Interpretive Summary: Tsetse flies are notorious vectors of a number of human pathogens, including trypanosomes, which can cause devastating illnesses such as African sleeping sickness. To reduce incidences of tsetse fly vectored diseases, infertile male insects are often released to mate with females. Since female tsetse flies can only mate once, females that mate with a sterile male will produce no offspring. Although sterile insect technique (SIT) is a cost-effective way to reduce the population of tsetse flies, healthy insects must be reared in colony to produce suitable numbers of insects for mass release. However, Glossina pallidipes salivary gland hypertrophy virus infections can occasionally infect colonies at high levels, causing flies to develop swollen salivary glands and eventually causing mortality. For example, an SIT program was initiated to eradicate G.pallidipes from the Rift Valley of Ethiopia, however, this colony completely collapsed within two years of its establishment due to viral infection. To determine why this virus was so deadly, its genome was sequenced and genes expressed during active infection were characterized using high-throughput transcriptomics and proteomics. The viral genome associated with the Ethiopian tsetse fly colony contains more genes and numerous changes in DNA and protein sequences compared to the genomes of other salivary gland hypertrophy viruses detected in other tsetse fly colonies. This virus likely represents a new strain and the genetic differences between this strain and other previously sequenced strains possibly explain its high virulence.
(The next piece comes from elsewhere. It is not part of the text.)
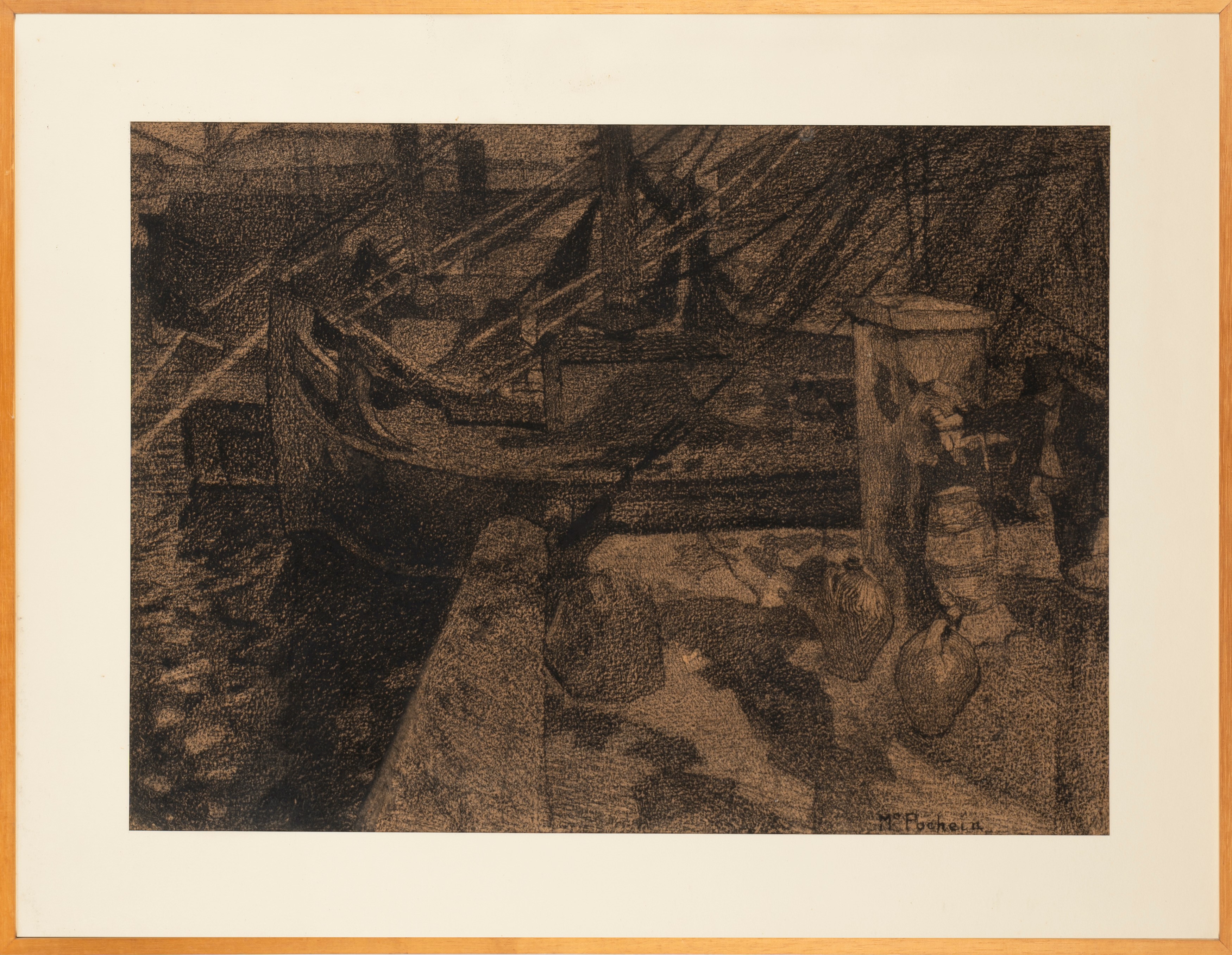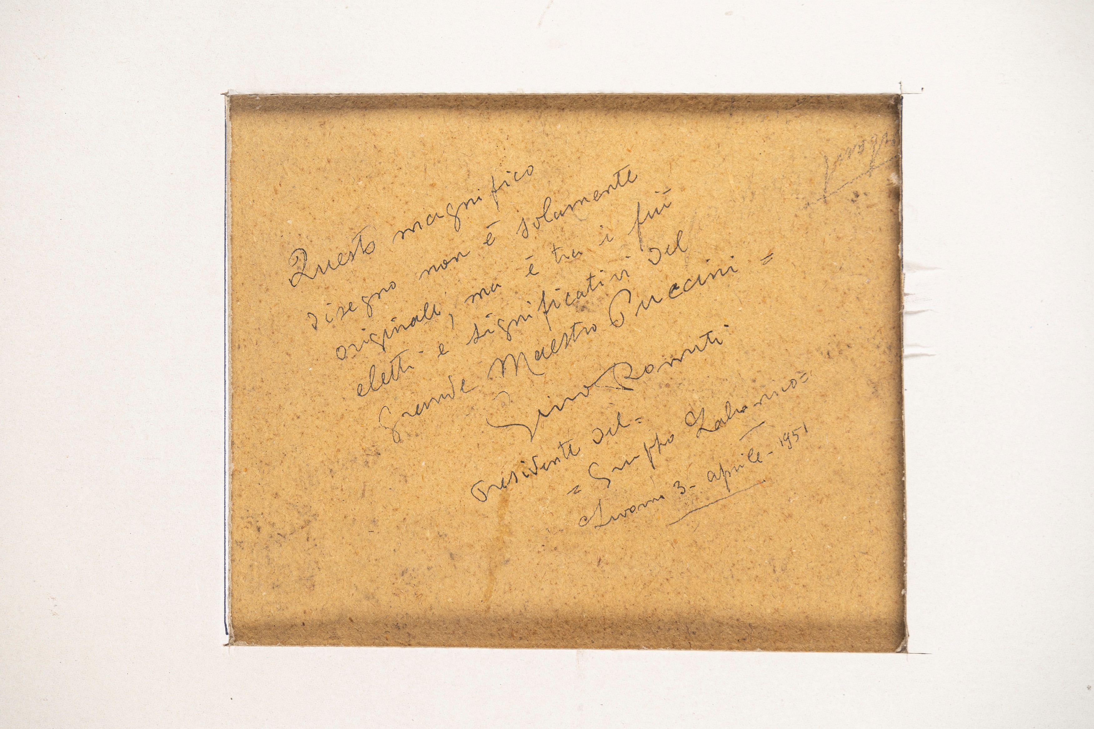 al retro, dichiarazione di autenticità manoscritta di Gino Romiti: Questo magnifico / disegno non è solamente / originale, ma è tra i più / eletti e significativi del / Grande Maestro Puccini. / Gino Romiti / Presidente del / -Gruppo Labronico - / Livorno 3. aprile. 1951

Technical Abstract: The Glossina pallidipes salivary gland hypertrophy virus (GpSGHV; family Hytrosaviridae) can establish a chronic covert asymptomatic infection and an acute overt symptomatic infection in its tsetse fly host (Diptera: Glossinidae). Expression of the disease symptoms, the salivary gland hypertrophy syndrome (SGH), varies widely (10-85%) in different G.pallidipes colonies. Here, we present a comprehensive annotation of the genome of an Ethiopian GpSGHV isolate (GpSGHV-Eth) compared to the reference Ugandan GpSGHV isolate (GpSGHV-Uga; EF568108). GpSGHV-Eth has a higher SGH prevalence than GpSGHV-Uga. We show that GpSGHV-Eth genome is 190,291 bp in size, has a low G+C content (27.9%) and encodes 174 putative ORFs. By proteogenomic and transcriptome mapping, 141 and 86 ORFs were mapped by transcripts and peptides, respectively. Further, of the 174 ORFs, 132 had putative transcriptional signals (TATA-like box and poly(A) signals). Overall, 60 ORFs had both TATA-box promoters and poly(A) signals, and were mapped by both transcripts and peptides, implying that they are translated into functional proteins. Whereas GpSGHV-Eth and GpSGHV-Uga are 98.1% similar at nucleotide level, 38 ORFs in GpSGHV-Eth genome had nucleotide insertions (n=18) and deletions (n=20) compared to their GpSGHV-Uga homologs. Further, compared to the GpSGHV-Uga genome, 10 and 24 GpSGHV ORFs were deleted and novel, respectively, Proteogenomic mapping revealed that 13 core genes involved in virus replication/infection aretranslated, including three PIFs, six RNApol subunits, and LEFs 4, 5, 8 and 9. Further, 13 GpSGHV-Eth ORFs were non-canonical; they had either CTG or TTG start codons instead of ATG. Taken together, these data suggest that GpSGHV-Eth and GpSGHV-Uga represent two different lineages of the same virus. The genetic differences between GpSGHV-Eth and GpSGHV-Uga, combined with host and environmental factors possibly explain the differential GpSGHV pathogenesis observed in different G.pallidipes colonies.